Azure - Is there a way to write the content (stored in a spark Dataframe) of images into files in parallel with pyspark?

AdrianArroyoPerez
January 10, 2024
255 views
0 votes
2 Answers

I have a Spark Dataframe which contains in every single row two items: a file name (with an extension, like for instance .jpg), and the content of the file in bytes.
I would like to write a process that takes each row of the Dataframe and converts the bytes to a ‘.jpg’ image while I store it into an ADLS container.

Everything needs to run inside a Databricks cluster so I use pyspark in order to create the Dataframe, and I would like to make use of it to truncate those files into the destination.

However, I am having trouble when I use the azure-storage library to write those files by using it inside a map function. Like the following example, where the function consume_row uses the library to create the file and write the content like this example:

results_rdd = rdd.map(lambda row: consume_row(row, ...))

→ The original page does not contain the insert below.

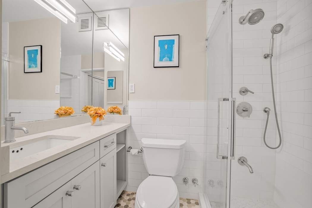 - Renovated bathroom includes a large walk-in shower and contemporary fixtures.

It returns the following error:

PicklingError: Could not serialize object: TypeError: cannot pickle ‘_thread._local’ object

Has anyone tried to do anything similar to this?

Answers

Chosen as BEST ANSWER
- AdrianArroyoPerez
- January 10, 2024 at 12:26 pm
- 0 votes
0
The problem was inside the function consume_row. We were using a variable to store the token for the API which, underneath, was using a Thread Local Python object to store the token itself, and this was not serializable by pickle to be sent to workers. So we just needed to pass the token to the function and everything is working perfectly.

(Edit)

- JayashankarGS
- January 10, 2024 at 7:30 am
- 0 votes
0
PySpark uses Python’s pickle module for serialization, and certain objects (like _thread._local objects) cannot be pickled.

To achieve your goal, you need to mount your adls2 account and save the file.

Follow the steps below.

Here, I am mounting using the account key. You can also mount using a SAS token or OAuth.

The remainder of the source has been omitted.